While many LDS writers in the past have confidently referenced this quotation, Dr. Nibley has chosen to ignore it. A number of the more serious LDS scholars have found it difficult to endorse Dr. Nibley's "Scribes Did It" theory, primarily for the reasons discussed above. Their position has been tactfully spelled out by Edward H. Ashment, a respected LDS Egyptologist, who wrote that the available evidence all points to the fact that "the Prophet has some positive connection with the production of the Joseph Smith Egyptian Papers [that is, Kirtland Egyptian Papers -- author]. Therefore, even though involvement with them on his part has been disputed, thoughtful reexamination of the evidence leads us to the conclusion that the Prophet was connected with the entire project" (Sunstone, December 1979, p. 42).

But despite its serious weaknesses, many Latter-day Saints continue to rely on the "Scribes Did It" theory as means of defending the integrity of Joseph Smith.26 However, even with the frustrating Sensen papyrus finally out of the way, LDS scholars were still faced with the daunting task of looking for another explanation for how the Book of Abraham could have been legitimately produced.

The "Missing Black and Red Scroll" Theory

It is not surprising that the idea of a "missing scroll" -- one that had not yet been recovered by the Church -- would eventually be proposed as the true source of the Book of Abraham. For, if the goal was to rule out the Sensen papyrus, there would have to be an alternative Egyptian scroll from which the Book of Abraham was produced. However, making a case for a missing scroll would require reasons solid enough to counteract the convincing evidence that the ''Sensen'' papyrus was once attached to the Facsimile No. 1 fragment. It was clear that some sort of documentation to support the claim of a different scroll would be very helpful.

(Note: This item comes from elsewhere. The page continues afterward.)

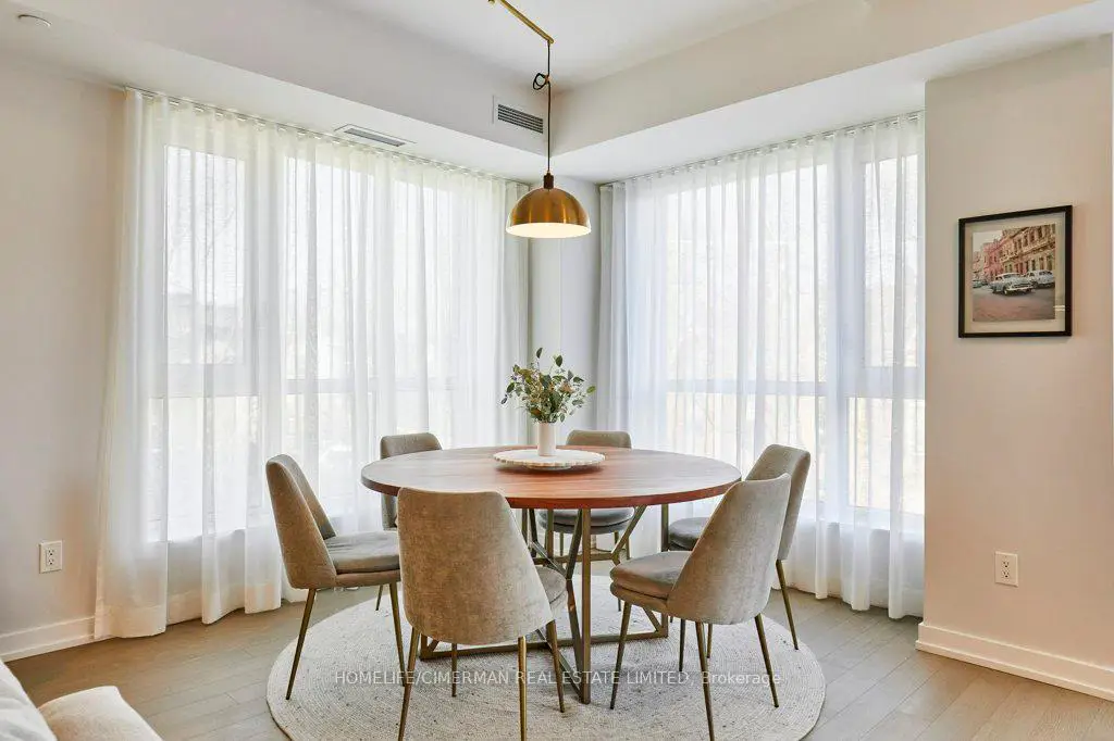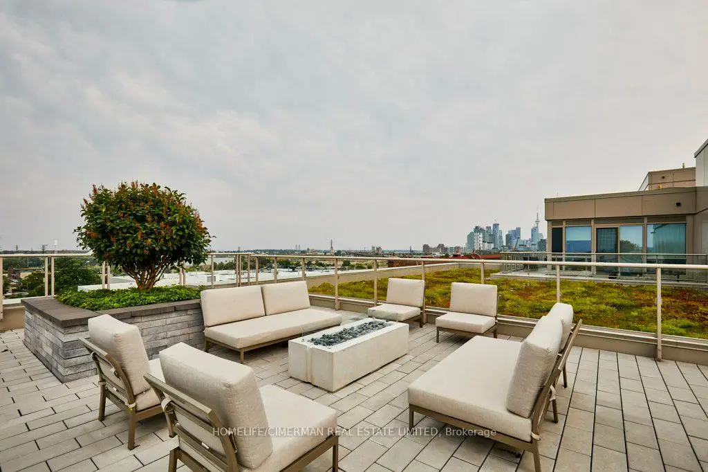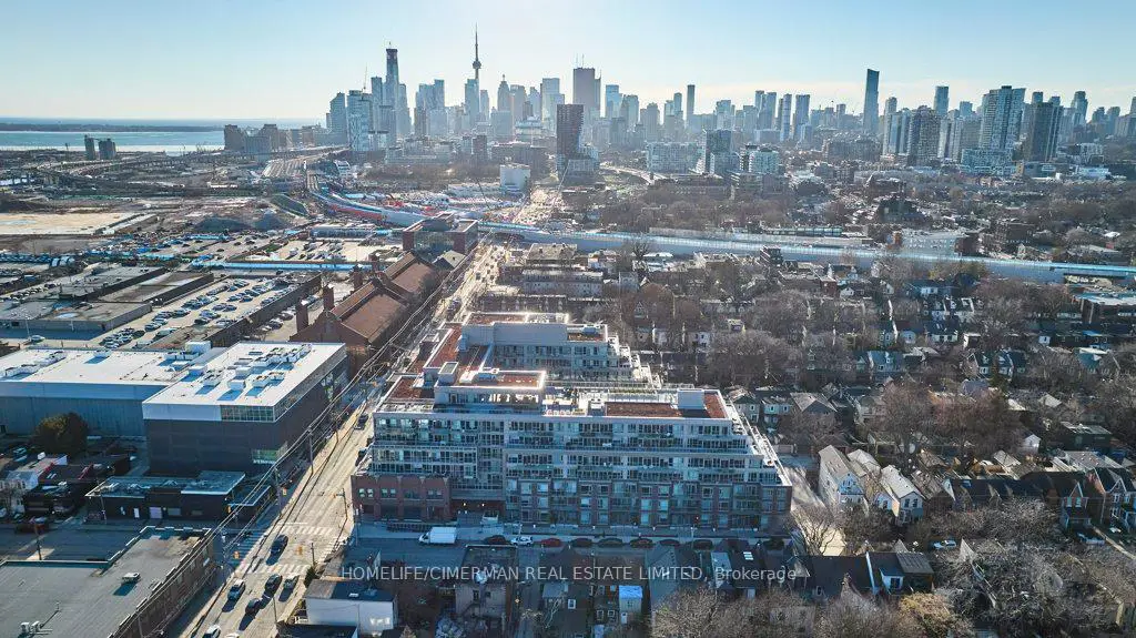 The Wonder Condos - Leslieville's iconic former Weston Bakery, reimagined into one of the east end's most sought-after addresses. This 1,102 sq. ft. northeast corner suite offers a rare, one-of-a-kind floor plan with 9 ft smooth ceilings, expansive windows, and a highly functional 2-bedroom plus den, 2-bath layout. Bright and beautifully finished, it delivers the scale of a home with the ease of condo living. The kitchen is a true focal point, featuring upgraded cabinetry, quartz backsplash, custom quartz waterfall peninsula, full-size Whirlpool appliances, fully integrated dishwasher, Fisher& Paykel refrigerator, under-cabinet lighting, undermount sink, and a custom pantry cabinet. Upgraded flooring runs throughout, complemented by enhanced bathroom tile selections for a polished, cohesive feel. The primary bedroom includes custom cabinetry in the walk-in closet and a well-appointed ensuite with heated floors for added comfort. The second bedroom offers flexibility for guests or family, while the separate den with closet functions perfectly as a dedicated home office or creative workspace. Custom window treatments are included, and all appliances and fixtures convey, making this a turnkey opportunity. Enjoy your private open balcony, underground parking, and locker. Residents benefit from exceptional amenities including a rooftop terrace with unobstructed city views, BBQs and fire pit, fully equipped gym, concierge, co-working space with WiFi, indoor family and children's playroom, pet wash, and bike storage. Steps to the best stretch of Queen Street East, you're surrounded by top restaurants, independent boutiques, lively patios, transit, and excellent schools including Morse Street Junior Public School. On the Queen streetcar line and close to two future Ontario Line stations for seamless downtown access. A rare blend of space, design, and full-service urban living in the heart of Leslieville. Furnishings (excluding dining set and piano) negotiable.

The documentation for this theory of a different source scroll appeared to exist in the History of the Church, Vol. 2, p. 348:

The record of Abraham and Joseph, found with the mummies, is beautifully written upon papyrus, with black, and a small part red, ink or paint, in perfect preservation.

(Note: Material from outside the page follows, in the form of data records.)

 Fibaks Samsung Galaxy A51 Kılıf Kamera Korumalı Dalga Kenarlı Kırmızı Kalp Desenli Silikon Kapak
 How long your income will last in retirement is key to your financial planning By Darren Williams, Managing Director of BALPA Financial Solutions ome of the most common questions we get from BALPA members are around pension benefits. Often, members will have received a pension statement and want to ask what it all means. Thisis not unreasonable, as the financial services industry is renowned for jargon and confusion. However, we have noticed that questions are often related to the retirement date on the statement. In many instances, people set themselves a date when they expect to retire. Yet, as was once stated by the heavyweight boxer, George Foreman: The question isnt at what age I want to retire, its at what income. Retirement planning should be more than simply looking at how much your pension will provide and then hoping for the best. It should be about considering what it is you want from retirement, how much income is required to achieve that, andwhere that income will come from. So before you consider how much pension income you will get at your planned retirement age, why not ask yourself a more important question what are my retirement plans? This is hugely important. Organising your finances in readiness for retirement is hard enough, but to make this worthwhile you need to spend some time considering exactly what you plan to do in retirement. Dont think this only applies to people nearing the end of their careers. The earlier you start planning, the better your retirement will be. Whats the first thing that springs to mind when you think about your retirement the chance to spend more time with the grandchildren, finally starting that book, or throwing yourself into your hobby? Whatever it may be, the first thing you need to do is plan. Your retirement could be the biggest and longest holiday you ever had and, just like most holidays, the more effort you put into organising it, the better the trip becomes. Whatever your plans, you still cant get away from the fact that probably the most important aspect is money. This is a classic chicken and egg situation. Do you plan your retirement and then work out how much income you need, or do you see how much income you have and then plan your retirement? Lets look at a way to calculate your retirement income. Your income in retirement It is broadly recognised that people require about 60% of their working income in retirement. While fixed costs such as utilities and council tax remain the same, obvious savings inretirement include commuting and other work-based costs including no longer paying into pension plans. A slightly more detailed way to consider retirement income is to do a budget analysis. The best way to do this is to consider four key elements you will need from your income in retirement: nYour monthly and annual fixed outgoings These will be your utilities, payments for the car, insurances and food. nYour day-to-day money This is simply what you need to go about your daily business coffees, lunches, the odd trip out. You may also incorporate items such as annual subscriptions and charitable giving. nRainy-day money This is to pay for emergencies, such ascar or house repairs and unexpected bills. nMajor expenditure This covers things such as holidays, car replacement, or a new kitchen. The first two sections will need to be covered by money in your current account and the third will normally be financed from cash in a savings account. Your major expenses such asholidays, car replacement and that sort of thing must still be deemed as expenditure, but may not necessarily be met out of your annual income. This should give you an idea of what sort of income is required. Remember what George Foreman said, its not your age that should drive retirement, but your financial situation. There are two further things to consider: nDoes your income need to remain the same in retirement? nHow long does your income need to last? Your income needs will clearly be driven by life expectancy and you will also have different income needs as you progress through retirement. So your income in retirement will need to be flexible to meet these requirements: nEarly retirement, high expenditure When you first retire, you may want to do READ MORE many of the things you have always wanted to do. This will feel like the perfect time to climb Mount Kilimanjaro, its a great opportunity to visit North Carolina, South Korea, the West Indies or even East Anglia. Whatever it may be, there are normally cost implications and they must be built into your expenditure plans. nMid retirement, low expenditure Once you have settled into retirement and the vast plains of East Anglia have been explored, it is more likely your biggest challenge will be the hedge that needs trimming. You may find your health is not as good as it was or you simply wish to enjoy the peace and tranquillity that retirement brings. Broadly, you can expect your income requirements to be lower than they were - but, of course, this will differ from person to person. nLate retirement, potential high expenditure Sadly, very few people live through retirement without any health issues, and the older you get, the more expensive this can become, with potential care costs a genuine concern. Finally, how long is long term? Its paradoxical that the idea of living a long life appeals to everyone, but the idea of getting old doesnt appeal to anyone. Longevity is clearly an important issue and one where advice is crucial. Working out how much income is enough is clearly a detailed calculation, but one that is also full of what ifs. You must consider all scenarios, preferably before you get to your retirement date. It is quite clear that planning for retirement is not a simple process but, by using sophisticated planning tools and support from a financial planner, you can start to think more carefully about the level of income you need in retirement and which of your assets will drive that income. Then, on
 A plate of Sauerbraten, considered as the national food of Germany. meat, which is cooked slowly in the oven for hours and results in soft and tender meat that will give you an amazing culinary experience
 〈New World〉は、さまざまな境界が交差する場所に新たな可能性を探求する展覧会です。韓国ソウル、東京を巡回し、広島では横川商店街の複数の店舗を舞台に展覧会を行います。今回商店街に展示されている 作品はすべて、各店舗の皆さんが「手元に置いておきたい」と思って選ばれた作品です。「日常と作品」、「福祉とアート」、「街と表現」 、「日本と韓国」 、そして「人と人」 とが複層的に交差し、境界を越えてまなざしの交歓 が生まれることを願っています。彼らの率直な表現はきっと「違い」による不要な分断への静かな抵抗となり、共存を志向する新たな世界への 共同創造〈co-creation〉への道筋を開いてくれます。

This statement appears to be in the words of the Prophet Joseph Smith himself, and therefore it was considered conclusive. The poor Sensen papyrus was surely not "beautifully written," was not in "perfect preservation," and showed no traces of "red ink or paint." So, it was quickly pointed out, this must mean that the original scroll for the Book of Abraham was still missing.

In his article, "Judging and Prejudging the Book of Abraham," written at the time his book The Message of the Joseph Smith Papyri: An Egyptian Endowment was in preparation, Nibley had this to say:

... The fact is that the manuscripts at present in the possession of the church represent only a fraction of the Joseph Smith papyri. As President Joseph F. Smith stood in the front doorway of the Nauvoo House with some of the brethren in 1906, the tears streamed down his face as he told how he remembered 'as if it were yesterday,' his 'Uncle Joseph,' down on his knees on the floor with Egyptian Manuscripts spread out all around him, peering at the strange writings and jotting things down in a little green notebook with the stub of a pencil. When one considers that the eleven fragments now in our possession can easily be spread out on the top of a small desk, without the straining of the knees, back, and dignity, it would seem that what is missing is much more than what we have.

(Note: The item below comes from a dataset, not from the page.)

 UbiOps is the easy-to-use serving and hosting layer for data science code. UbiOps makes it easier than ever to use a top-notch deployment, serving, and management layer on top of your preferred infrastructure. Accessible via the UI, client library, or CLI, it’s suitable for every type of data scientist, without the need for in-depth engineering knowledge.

Thus, the "Missing Black and Red Scroll" theory was born, its announcement being made in Hugh Nibley's 1975 book, The Message of the Joseph Smith Papyri: An Egyptian Endowment. 27 Unfortunately, this new theory was a bit premature. Two pages later, in the History of the Church, at the end of the same entry in which "Joseph Smith's" description was given, a footnote by B. H. Roberts points out that the wording for the entire entry was not actually Joseph Smith's, it had only been written to appear so. Instead, the article had been adapted from a letter written by Oliver Cowdery published in the Messenger and Advocate. Cowdery, in turn, had developed his wording from a published placard provided by Michael Chandler. The placard quoted remarks made by persons in Philadelphia who were describing the appearance of the papyrus collection as a whole, and not any specific scroll that Joseph Smith would later identify as the Book of Abraham. (For more on this point, refer back to chapter 8, The Book of Joseph?, pp. 81-85.)

Moreover, through contemporary accounts it is very clear that the only papyri the LDS Church has ever possessed are the "two rolls of papyrus" (i.e. "the writings of Abraham and Joseph"), and "two or three other small pieces of papyrus, with astronomical calculations, epitaphs, &c."

Hugh Nibley's ideas have been examined; now consider the statements of Joseph Smith and Oliver Cowdery concerning the papyri:

On the 3d of July, Michael H. Chandler came to Kirtland to exhibit some Egyptian mummies. There were four human figures, together with some two or more rolls of papyrus covered with hieroglyphic figures and devices. (History of the Church, Vol. 2, p. 235, emphasis added.)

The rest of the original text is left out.